Edit: Grouping by time intervals with window
. Assuming timestamp
column is of data type timestamp
.
from pyspark.sql import Window
from pyspark.sql.functions import window,sum,row_number,array,col
w = Window.orderBy(col('timestamp'))
result = df.withColumn('timestamp_interval',window(col('timestamp'),'2 second')) \
.withColumn('summed_vars',array(*[sum(col('vars')[i]).over(w) for i in range(4)]))
w1 = Window.partitionBy(col('timestamp_interval')).orderBy(col('timestamp').desc())
final_result = result.withColumn('rnum',row_number().over(w1))
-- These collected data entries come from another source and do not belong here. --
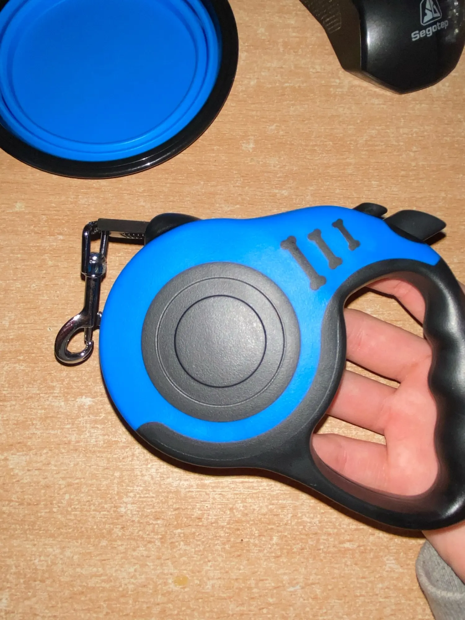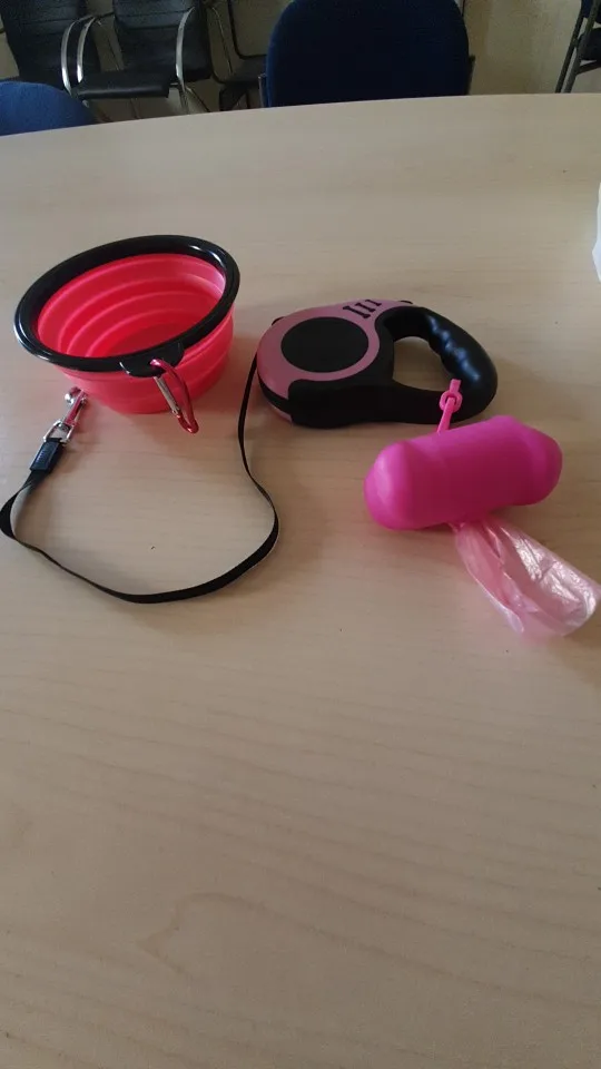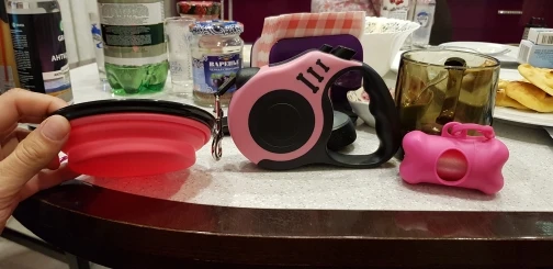 Получила на почте уже недели 3 назад. Все очень понравилось, особенно поводок - из-за него в общем-то и заказывала. Хороший поводок - лента без труда заходит обратно. Пришлось приноровиться к нему, т.к. до этого был другой, с другим расположением кнопок -фиксаторов. Не могу сказать, какой удобнее, но, надеюсь, что этот крепче. Тот разлетелся. Единственное, что немного не удобно в этом поводке - это рука в варежке не пролазит, но удобно без перчаток ( у меня рука маленького размера S). Для морозных периодов придется заказывать побольше, потому что на севере без варежек никак. Чашу пока не использовали, контейнер тоже ждет своего летнего "часа", чтобы хоть к рюкзаку его пристегнуть или к сумке, а то у нас Чихуахуа - на него повесишь - все встречные рыдать со смеху будут, и так хохочут при виде такой охраны, даже Лайки и Хаски расступаются, когда мы идем.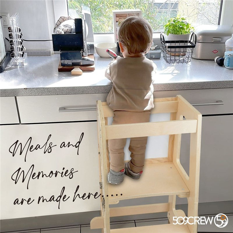 Tiene la altura justa para la mayoría de encimeras de las cocinas y de los muebles de lavabo de los cuartos de baño. Cuenta con un peldaño de seguridad ajustable en altura a 16,5 cm o 22,5 cm del suelo. La patas traseras tienen unos extensores para aumentar la estabilidad. Contiene una pizarra con doble funcionalidad, por un lado es magnética para escribir con rotuladores y utilizar juguetes magnéticos y por el otro pizarra tradicional de tiza. Contiene libro de instrucciones, el montaje es sencillo, contiene llave Alen. Tiene dos cierres metálicos para convertir la Torre de Aprendizaje en escritorio. Ideal para desarrollar habilidades manipulativas, destreza al tocar y agarrar. Desarrolla la coordinación mano-ojo, esta torre es la compañera perfecta para explorar el mundo.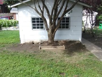 Bringing new life to an exsiting garden that was over run with weeds. Around the tree, rotten landscape timbers were removed and stones found buried, found new life when placed as a border for mulch retention.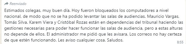 A última del domingo 25 de septiembre, algunos jueces de garantía de Santiago y regiones recibieron un mensaje de whatsapp, informando que el sistema podría estar afectado con un virus. Acto seguido corrió la voz. Varios magistrados descreyeron la versión: la única posible era otro ataque hacker.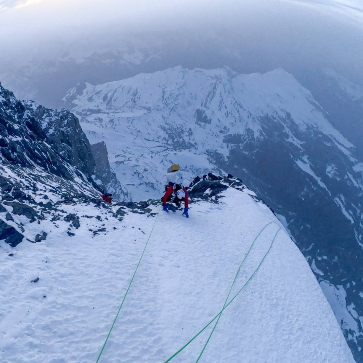 Восхождение заняло два с половиной дня. Команда шла первой в сезоне — без следов предыдущих восходителей, прокладывая путь и очищая скалы от снега. В первый день прошли две трети стены и заночевали на «Бивуаке смерти» — без палатки, в обвязках, пристёгнутыми к точкам страховки. Во второй день преодолели верхнюю, наиболее техничную часть, достигли вершины и начали спуск. На третий день благополучно завершили спуск.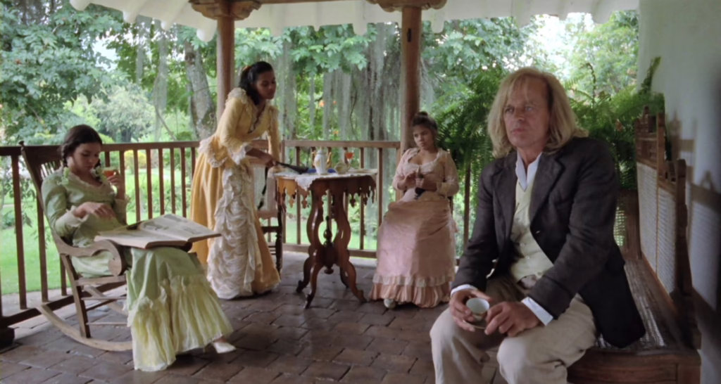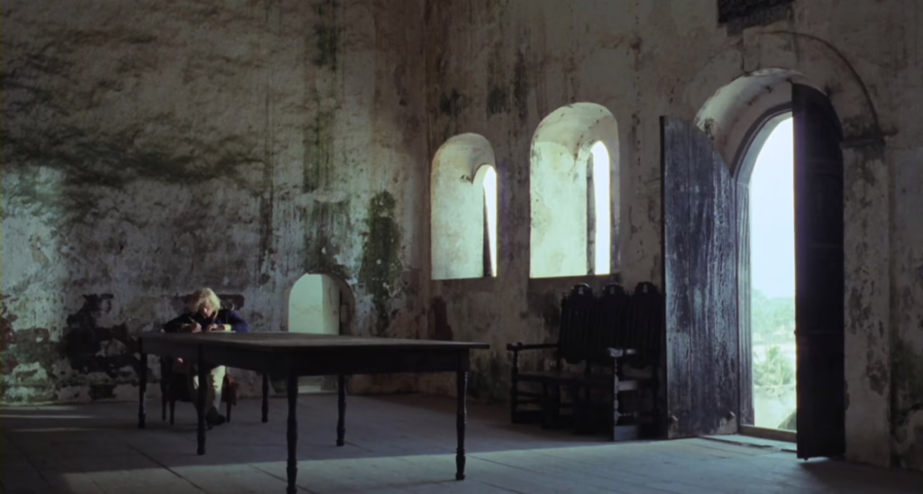Even with this feverish display of dominance, the slave trader, military leader, and now father of sixty-two children does not find satisfaction in his conquest. “I cannot begin to describe this cretinous existence of mine. Nor how lonely it is to be without family or friends,” he writes in his diary, pondering the hollow grandeur of his triumphs. As the camera tracks backwards from Francisco sitting at the end of a long table, the emptiness of this large stone hall is revealed, thoroughly isolating him in one of his rare moments of quiet, existential reflection.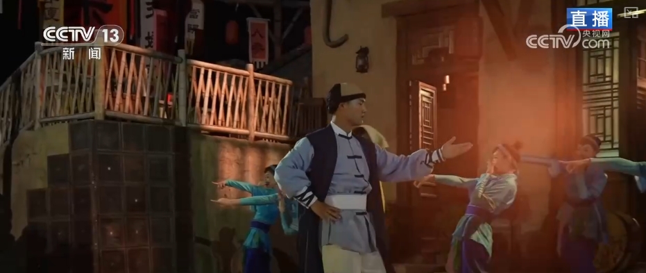 實(shí)際上,這處街道只是整場(chǎng)演出中的一幕。游客隨演員一路向前,長達(dá)1個(gè)小時(shí)的劇情講述了百年前一名外國導(dǎo)演來到鄭州,尋找太極的故事。其間,會(huì)串聯(lián)起景區(qū)的不同場(chǎng)景,比如走過繁華的“老鄭州”街道,后面就變成了一個(gè)古樸的村落。置景取材于太極拳發(fā)源地之一的河南焦作陳家溝,村里既有講述拜師學(xué)藝故事的情景劇,又有以太極功夫編排的舞蹈表演,體現(xiàn)出中原地區(qū)的多樣歷史文化。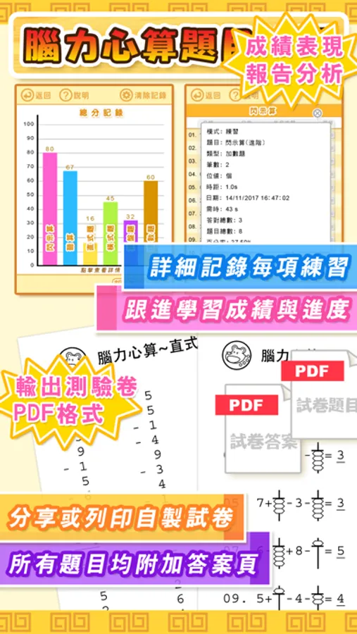 除可透過程式進行題目練習,製成的試卷PDF亦可以列印或電郵用作練習用途。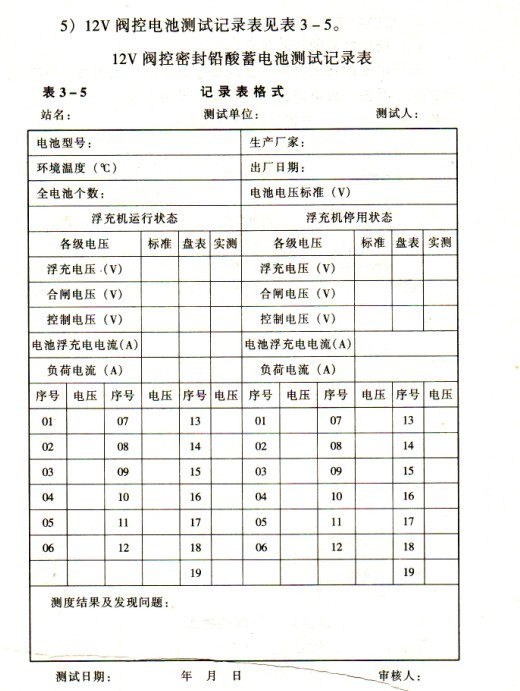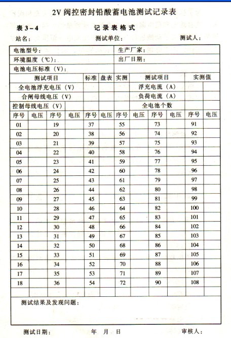 4)2V閥控電池測試記錄表見表3-4。2v閥控密封鉛酸蓄電池測試記錄表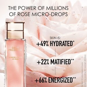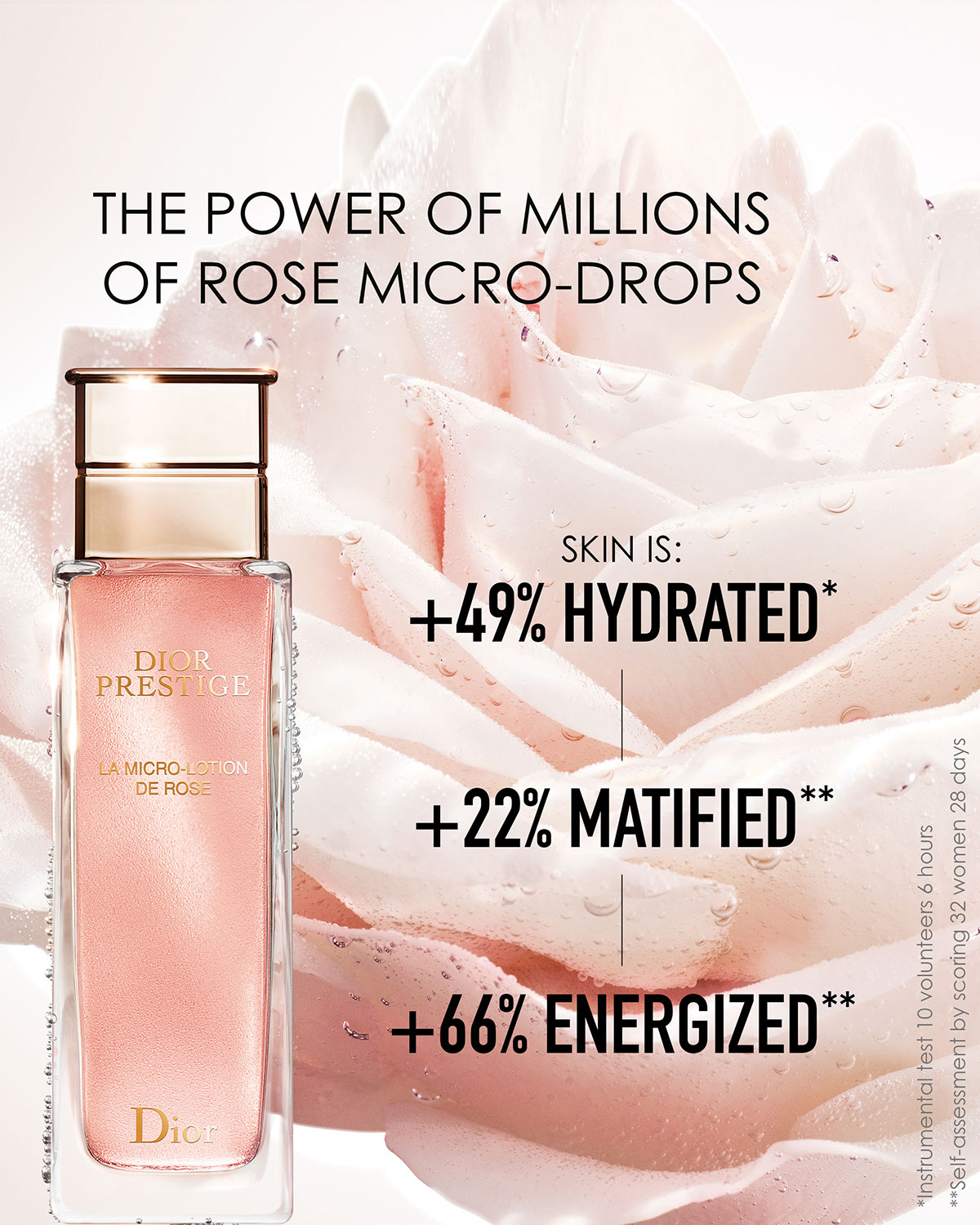 De la Rose de Granville, la Science Dior puise l’exceptionnel pouvoir purifiant de ses minéraux (le zinc, le cuivre et le magnésium) et la richesse de son huile. Un alliage rendu possible grâce à une technologie de micronisation. Sous haute pression, l’huile de rose se fragmente en une myriade de gouttes de la taille du micron, suspendues instantanément au cœur de La Micro-Lotion de Rose.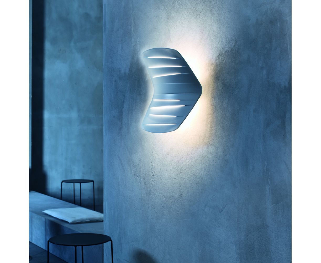 Внутренняя скульптура, которой можно полюбоваться и которая направляет теплый луч света. Светильник Flip имеет двойственную природу, но в то же время он имеет уникальное визуальное оформление, состоящее из непараллельных линий, которые горизонтально нарезают пластик и создают органическую форму, организуя освещение и создавая визуальный эффект движения. Красивый даже когда выключен, Flip является универсальным объектом, который может быть использован как бра или прикроватная лампа для чтения.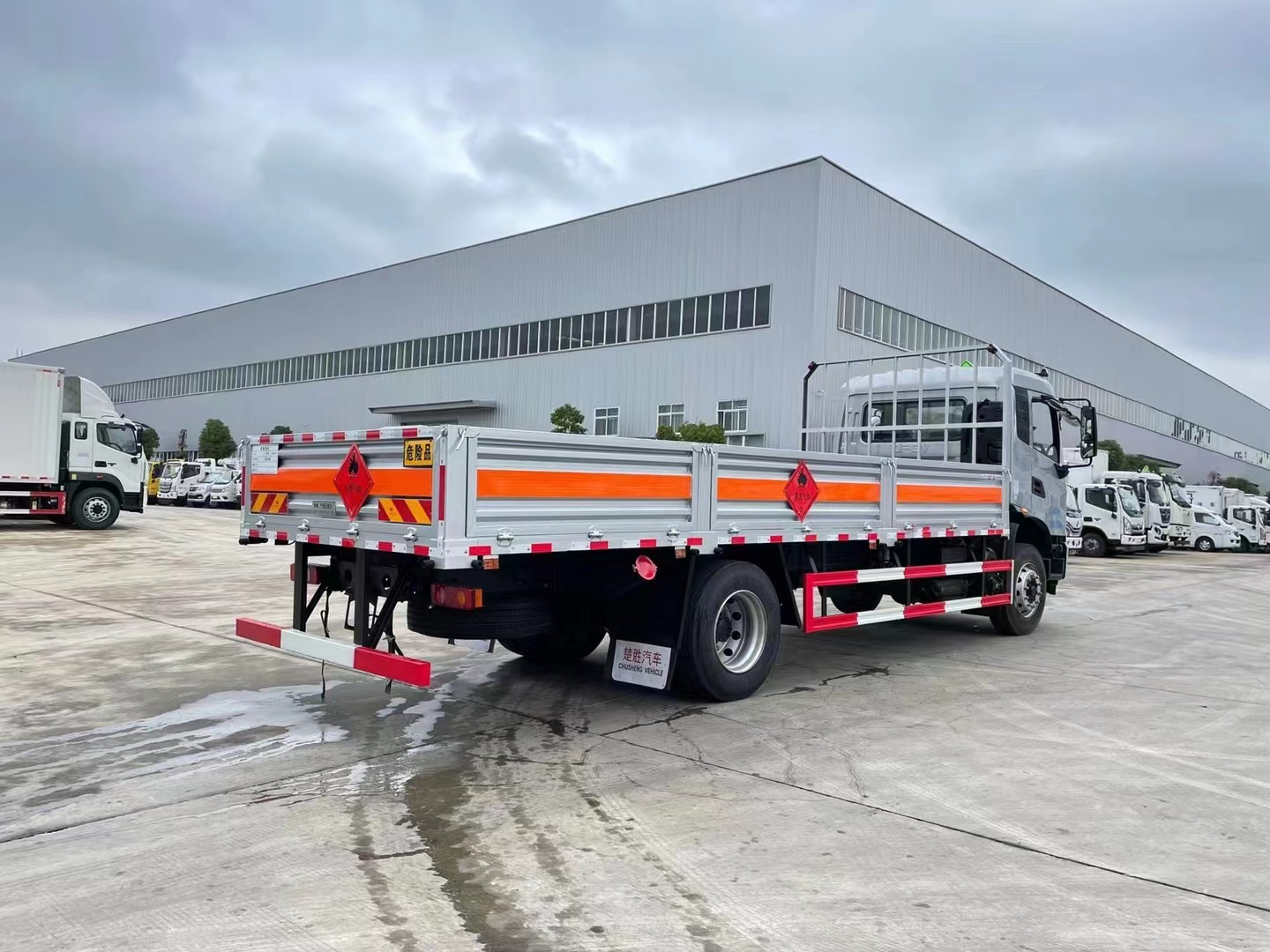 廂體邊板采用1.2mm冷板,底板標(biāo)配4mm花紋鋼板,欄板為4段,欄板高度為600mm,2個中立柱,花欄及花欄立柱可拆卸,底部立柱固定,底板上方鋪靜電膠皮,橫梁和副梁為槽鋼。底板及均做防銹處理,車廂一周粘貼橙色反光帶,箱體粘貼菱形標(biāo)志牌,安全告示牌,危險品牌,拖地靜電帶。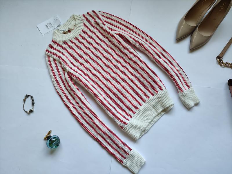Светр в полоску Basic Apparel. Розмір вказаний XS. Підійде на XS-S. ПОГ - 41, тягнеться до 48, ПОТ - 39, тягнеться до 44, ПОБ - 34, тягнеться до 44. Довжина 58. 100% котон

final_result.filter(col('rnum')==1).drop(*['rnum','vars']).show()
Upvotes: 1
Reputation: 32720
For Spark 2.4+ you can use array functions and higher-order functions. This solution will work for different array sizes (event if different between each row). Here are the steps explained:
First, group by 2 seconds and collect the vars
in an array column :
df = df.groupBy((ceil(col("timestamp") / 2) * 2).alias("timestamp")) \
.agg(collect_list(col("vars")).alias("vars"))
df.show()
#+---------+----------------------+
#|timestamp|vars |
#+---------+----------------------+
#|6 |[[1, 1, 1], [1, 2, 3]]|
#|2 |[[1, 1, 1], [1, 2, 1]]|
#|4 |[[1, 1, 1], [1, 3, 4]]|
#+---------+----------------------+
Here we grouped each consecutive 2 seconds and collected the vars
arrays into a new list.
Now, using a Window spec you can collect cumulative values and use flatten
to flatten the sub arrays:
w = Window.orderBy("timestamp").rowsBetween(Window.unboundedPreceding, Window.currentRow)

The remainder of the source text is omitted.